Some wonder if UCSF’s leadership role in the Oakland hospital’s finances constitutes a conflict of interest.


Although affiliating with UCSF was supposed to improve Children’s Hospital’s finances, it’s not entirely clear whether it has.

For example, as part of the affiliation, pediatric subspecialty groups in Oakland and San Francisco are combining—a move designed to increase efficiency but, in some cases, appearing to increase costs. “The vision for integration is we have one program delivering essentially the same services in multiple locations by the same team,” explained Durand.

But once the groups integrate, Oakland physicians become part of UCSF faculty, and in some cases this is more expensive. Durand said this has to do with cost structures under the university and differences in overhead, payer rates, and the way cash flows. 

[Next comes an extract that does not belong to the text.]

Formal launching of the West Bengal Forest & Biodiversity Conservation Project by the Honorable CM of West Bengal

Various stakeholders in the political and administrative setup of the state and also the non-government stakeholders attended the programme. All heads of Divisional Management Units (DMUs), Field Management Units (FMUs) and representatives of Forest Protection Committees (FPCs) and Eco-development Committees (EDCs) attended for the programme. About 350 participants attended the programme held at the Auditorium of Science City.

Elliott Vichinsky, division chief of hematology oncology at Children’s Hospital Oakland, said the integration has added an “enormous amount of extra work” to his division. Whereas before certain decisions could be made quickly and efficiently, “now there are layers of people before I can get anything done,” he said.

While acknowledging some of these extra expenses, Durand said the hospital is also purchasing something different from the university—a broader training and research enterprise. “To some extent the cost is different, the revenue is different, the services that we’re contracting with to some extent is substantially different,” he said. “It’s a more nuanced issue than just are we paying some extra level of overhead to the university.”

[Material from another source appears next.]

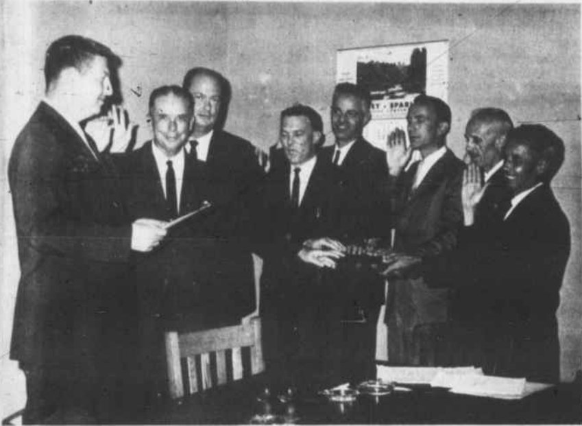
New Council Swear-In

Foolish men work all their lives in order to be able to rest without understanding that they can rest almost any time.

And Anderson contends that the claim that the affiliation has hurt the Oakland hospital financially is “a complete myth.”

“Oakland as a freestanding campus would have been in even deeper fiscal crises if it hadn’t been for the affiliation,” he argued. He said UCSF helped bring in monies that Oakland wouldn’t have received otherwise, including through philanthropy and “intergovernmental transfers.”

“There is indeed strength in scale,” he said.

But by its own numbers, the Oakland hospital has had larger deficits since the affiliation. For example, with the exception of fiscal year 2015, when there was a surplus of $56.1 million, every year since the affiliation has shown a net loss. In calendar year 2014, that amounted to $11.3 million, in fiscal year 2016 it leaped to $72.7 million, and in the first three months of fiscal year 2017 (from July to September in 2016), the loss from operations was $11.4 million.

Before the affiliation, from 2011 to 2013, the hospital showed surpluses. (Although in 2008 the hospital laid off 84 medical staffers as a result of $60 million in losses, according to the San Francisco Chronicle.)